1. Capacity building: Capacity building is critical. Doctors, nurses, and caregivers must be trained to recognise early warning signs such as prolonged bleeding after minor cuts or vaccinations, unexplained joint swelling in children, and excessive bruising and to understand how and where to refer patients promptly. Embedding haemophilia education into medical and nursing curricula can ensure better diagnosis by future practitioners.
2. System support: Infrastructure must support timely care. This includes establishing a clear, hierarchical referral pathway and expanding access to specialised haemophilia treatment centres at the district level, not just in urban hubs. Targetted newborn screening in families with a known history, along with carrier testing, can enable identification even before the first bleeding episode, preventing long-term complications such as irreversible joint damage.
State-Led Initiatives Show Promise
On improving equitable access to care through state-led initiatives, Dr. Usha Rani said that these efforts are beginning to make a meaningful impact. Karnataka’s Kusuma Sanjeevani programme, for instance, provides free access to essential medicines and newer haemophilia therapies, reducing the financial burden on families and showing what’s possible when haemophilia is prioritised in public health policy.

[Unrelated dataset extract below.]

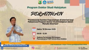 Program Doktor Studi Kebijakan Fakultas Ilmu Sosial dan Ilmu Politik Universitas Andalas menyelenggarakan Pelatihan Penelusuran Sumber Kepustakaan di Internet pada Sabtu, 18 Oktober 2025, pukul

However, progress remains uneven. While patients in cities like Bengaluru or Mumbai can access specialist care, those in smaller districts often face stock-outs, long travel distances, and limited provider awareness of updated treatment protocols. The programme ultimately underscores a key point: states can drive change, but ensuring equitable access across regions remains the critical challenge.

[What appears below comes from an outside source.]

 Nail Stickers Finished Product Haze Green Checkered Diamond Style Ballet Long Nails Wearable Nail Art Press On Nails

Shift Towards Preventive Care
“Haemophilia care in India should move towards a prevention-first approach rather than emergency treatment. Across much of India, haemophilia care remains crisis-driven, patients receive emergency treatment for bleeding episodes but are discharged without a preventive plan. This approach is not only medically suboptimal, ineffective but also economically burdensome,” says Dr. Usha Rani.
Says Dr. Parul Bhatt, Professor and Head of the Department of Medicine, GMERS Medical College, Sola, Ahmedabad, "Haemophilia is now better recognised, with a shift from diagnosis during major bleeds or surgery to early detection through prenatal screening, birth assessment in high-risk families, and evaluation of prolonged bleeding... even in atypical cases such as menorrhagia."
She adds that challenges persist, including limited diagnostic infrastructure, delays in sample processing, and a lack of local coagulation laboratories and trained systems at the local level to enable accurate and early diagnosis. However, diagnostic capacity is expanding, and there is increasing alignment toward preventive care through regular prophylaxis to reduce joint damage and disability. Access to prophylaxis remains uneven, but home-based therapy and simplified treatments offer promise, especially for patients in remote areas. Strengthening awareness, infrastructure, and preventive care remains key to advancing haemophilia management.
"The next step is clear: shift to prophylaxis as the default standard of care, not a limited privilege. Countries that have made this transition have seen sharp reductions in joint damage and hospitalisations. India has the patient base and clinical expertise to do the same; the challenge now is consistent implementation," adds Dr. Usha Rani.
Bridging The Affordability Gap
Access to prophylaxis in India remains below 8%, largely due to cost barriers and regional disparities. Dr. Usha Rani further said, “To improve affordability and equitable access to preventive haemophilia treatment across all socio-economic groups, the fastest way forward is to boost government procurement of haemophilia medicines and ensure a reliable supply at district-level public hospitals.” Expanding access to preventive care can reduce hospitalisations and enable patients to lead productive, fulfilling lives.